Why I get different result between these two code?

The first piece of code:

__global__ void rgb2Gray(uchar * rgbData, int * grayData, int * scaleData, int totalSize)
{
	size_t blockSize = blockDim.x * blockDim.y * blockDim.z;
	size_t uniBlockInd = blockIdx.x + blockIdx.y * gridDim.x;
	size_t threadOffset = threadIdx.x + threadIdx.y * blockDim.x
		+ threadIdx.z * blockDim.x * blockDim.y;
	size_t uniThreadInd = uniBlockInd * blockSize + threadOffset;


	if (uniThreadInd / 3 < totalSize)
	{
		grayData[uniThreadInd / 3]++;
	}
}

The second piece of code:

__global__ void rgb2Gray(uchar * rgbData, int * grayData, int * scaleData, int totalSize)
{
	size_t blockSize = blockDim.x * blockDim.y * blockDim.z;
	size_t uniBlockInd = blockIdx.x + blockIdx.y * gridDim.x;
	size_t threadOffset = threadIdx.x + threadIdx.y * blockDim.x
		+ threadIdx.z * blockDim.x * blockDim.y;
	size_t uniThreadInd = uniBlockInd * blockSize + threadOffset;


	if (uniThreadInd / 3 < totalSize && threadIdx.x == 1) {
		grayData[uniThreadInd / 3] ++;
	}

	if (uniThreadInd / 3 < totalSize && threadIdx.x == 0) {
		grayData[uniThreadInd / 3] ++;
	}

	if (uniThreadInd / 3 < totalSize && threadIdx.x == 2) {
		grayData[uniThreadInd / 3] ++;
	}
}

The main function is as shown below:

dim3 nThreadPerBlock(3, 15, 15);
dim3 nBlockPerGrid((rgbMat->cols + 14) / 15, (rgbMat->rows + 14) / 15, 1);
rgb2Gray << <nBlockPerGrid, nThreadPerBlock >> >(dev_rgbData, dev_grayData, dev_scaleData, rgbMat->rows * rgbMat->cols);

The result expected will show that all grayData equals 3, but only the second piece of code show me the right answer. Maybe the first code encounters some problem like data race? Can someone explain that? Thanks for your help.

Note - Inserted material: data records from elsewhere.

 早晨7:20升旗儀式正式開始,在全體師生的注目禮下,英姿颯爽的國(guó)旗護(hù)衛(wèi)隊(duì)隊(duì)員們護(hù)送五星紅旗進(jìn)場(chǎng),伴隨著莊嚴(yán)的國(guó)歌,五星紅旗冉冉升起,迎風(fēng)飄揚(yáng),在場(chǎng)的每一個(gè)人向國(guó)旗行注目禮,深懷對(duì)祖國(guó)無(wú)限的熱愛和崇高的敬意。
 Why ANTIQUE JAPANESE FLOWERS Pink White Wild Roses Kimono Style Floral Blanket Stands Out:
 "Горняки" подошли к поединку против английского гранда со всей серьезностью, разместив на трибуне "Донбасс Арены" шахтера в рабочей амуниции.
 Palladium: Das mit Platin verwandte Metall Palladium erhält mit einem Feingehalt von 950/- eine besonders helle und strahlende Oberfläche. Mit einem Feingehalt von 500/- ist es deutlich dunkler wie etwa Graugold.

Replace “maybe” with “for sure” and look up CUDA atomic operations ;)

Thanks for your reply. Now I’m sure that there is data race in the first code piece, but what I’m really confused about is that the second piece code can get the right answer, isn’t there data race in the second piece of code? Or CUDA automatically add some barrier according to threadIdx.x?

There is no data race in the second block. I’m not 100% but I pretty sure the reason is that you only have 3 threads running that access the same memory object. With the if statements helping to delay the last two accesses you are “beating” the data race. I highly suggest you change your code from the current structure though, as if the number of threads is increased at all, the likeliness of a data race occurring goes substantially up.

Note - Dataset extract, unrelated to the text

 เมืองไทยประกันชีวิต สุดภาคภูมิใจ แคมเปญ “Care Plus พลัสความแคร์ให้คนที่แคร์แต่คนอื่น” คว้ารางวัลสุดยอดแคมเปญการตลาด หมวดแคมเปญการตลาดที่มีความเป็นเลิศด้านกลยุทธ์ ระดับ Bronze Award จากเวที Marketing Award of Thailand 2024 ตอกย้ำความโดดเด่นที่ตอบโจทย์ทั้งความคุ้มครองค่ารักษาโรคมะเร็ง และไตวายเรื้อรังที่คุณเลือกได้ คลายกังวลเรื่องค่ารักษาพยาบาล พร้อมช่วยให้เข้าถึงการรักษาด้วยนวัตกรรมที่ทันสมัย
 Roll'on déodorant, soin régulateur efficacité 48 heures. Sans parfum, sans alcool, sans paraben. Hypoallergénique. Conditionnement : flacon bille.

I would agree with cbuchner1, that you should look up atomic operations if this is the only way you can solve your problem. Otherwise, find a more practical solution that doesn’t use atomic operations and goes around the data race issue.

Thank you for your suggestion. I will look up the chapter about atomic operations for more information.